4. Appellants next contend that they did not disregard the October 10, 1984 award in that they were authorized to terminate benefits as of February 1, 1984, even though the award stated that payments were to be made "until terminated or altered by law." Appellants argue that their termination of benefits, filed on October 29, 1984 was based upon their receipt of a medical report, dated August 14, 1984, which stated that appellee was able to return to work as of March 17, 1984. Appellants argue, therefore, that their termination was an "act done in accordance with the law."

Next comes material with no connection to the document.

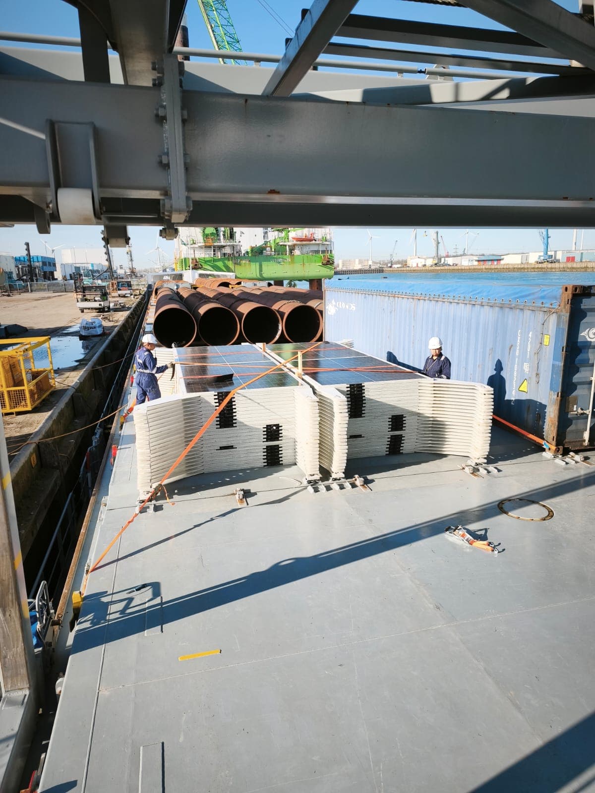 In collaboration with TNO and shipping company Vertom, the system was tested on the Vertom Anette. The insights gained were subsequently applied to the Vertom Tula, where 44 Solar Flatracks reduce approximately 20% of the onboard hotel load. The project was co-financed by the European Union’s Just Transition Fund (JTF), part of the European Green Deal towards climate neutrality by 2050.

In the May 17, 1985 award, the ALJ made the following findings: "Although the employer/insurer did not appeal the Full Board's [October 10, 1984] award, the employer/insurer by Form WC-2 [filed October 29,] 1984, reported that weekly income benefits were paid to the claimant from November 1, 1983 through February 1, 1984 at which time the claimant's benefits were suspended. The employer/insurer failed to comply with Board Rule 221[(i)] in that . . . there was no 10-day notice given to the claimant nor was a medical report substantiating the employer/insurer's allegation attached to the form." Also, the ALJ found that appellants failed to submit the medical evidence on which they relied to justify their suspension of payments, even though the record was extended for thirty days for the purpose of receiving further medical evidence. Furthermore, the medical evidence was not submitted to the board for review until after the board had affirmed the ALJ's award, even though appellants were in possession of the report at the time of the de novo review proceedings.
Clearly, OCGA 34-9-221
(i) and the corresponding provisions of board Rule 221 require an employer/insurer to give both a ten-day notice to the claimant before suspension of benefits as well as to file a medical report with the WC-2 form. The record discloses that appellants failed to comply with these provisions. Under these circumstances, appellants were not authorized to terminate benefits and did so at their peril. Accord Caldwell v. Perry, 179 Ga. App. 682 (2) (347 SE2d 286) (1986)
; Cedartown Nursing Home v. Dunn, 174 Ga. App. 720 (1) (330 SE2d 905) (1985)
; West-Point Pepperell v. Springfield, 140 Ga. App. 530 (1) (231 SE2d 811) (1976)
. Therefore, we find the evidence supports the ALJ's finding that appellants disregarded the board's October 10, 1984 award.
Daniel A. Angelo, Cathleen M. Devlin, for appellants.